1967’deki 6 günlük İsrail savaşı, Golan tepelerinin işgali ve 1970’lerin ortalarından 1992’ye dek Lübnan işgali ve geri çekilmesi vuku bulmuştur. Ayrıca Türkiye’ye karşı savaşan PKK gibi örgütler yine Esed rejimi tarafından korunmuş desteklenmiştir. 2000 yılında baba Hafız Esed’in ölümüyle –bir gün içerisinde yapılan yasa değişikliği ile- oğul Beşşar Esed Devlet Başkanlığı görevine getirilmiştir. Sosyalist ideolojiyi benimseyen Baas Partisi, Sovyet Rusya’sı ile güçlü ilişkiler geliştirmiştir. Öbür yandan mezhepsel saiklerle İran ile özellikle molla devrimi sonrasında güçlü bağlar kurulmuştur. İsrail/ABD tehdidine karşı Beşşar Suriye’si yine Rusya, İran, Türkiye gibi devletlerle iyi ilişkiler içine girmiş, içerde kısmen liberal politikalar izlemiştir. 2010 yılının sonunda Tunus’ta meydana gelen olaylar 2011’in Mart’ında Suriye’de iç savaşın başlamasına neden olmuştur.
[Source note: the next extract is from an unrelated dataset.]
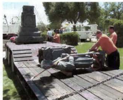
Crews carefully secure the disassembled sections of the GAR Civil War Monument for transportation to the Karkadoulis Bronze Art Foundry in Ohio.

It should be noted, that while this much needed restoration is being performed, it will be the first time in 113 years that the sentinel atop the GAR Monument will not be standing guard over Nevada's largest assemblage of Civil War Veterans !!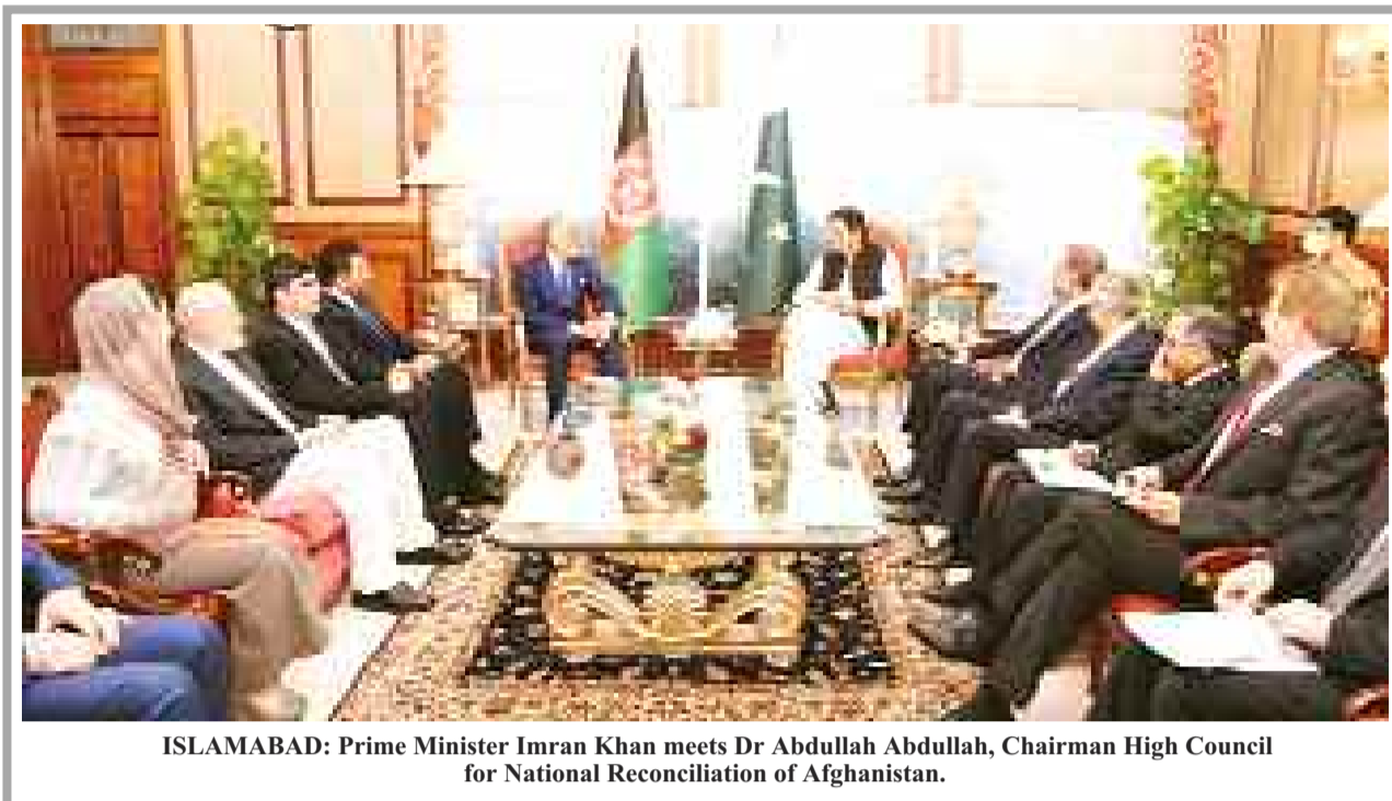
ISLAMABAD: Prime Minister Imran Khan meets Dr Abdullah Abdullah, Chairman High Council for National Reconciliation of Afghanistan.

Ülke etnik olarak homojen sayılabilir düzeyde yüzde 85’e yakını Araplar, yüzde 8-10 Kürtler, yüzde 3-4 civarında Türkmen, yüzde 1 kadar Ermeni ve diğer unsurlardan oluşmaktadır. Mezhepsel olarak siyasi alandaki temsilin tam tersi şekilde Nusayri Aleviler yüzde 18-20, Dürzi’ler yüzde 4, Hrıstiyanlar yüzde 15 (şu an yüzde 6-7 arası), yüzde 55-60 ile Sünni Müslümanlar en kalabalık grubu oluşturmaktadırlar. 2011’de başlayan iç savaş sonunda demografik ve dini yapı iç ve dış göçlerle, İran’ın işgal ettiği bölgelere Şiileri yerleştirmesiyle önemli oranda değişmiştir.

Kitap Tavsiyesi: Araştırmacı ve diplomat Nikolaos van Dam Suriye’de İktidar Mücadelesi.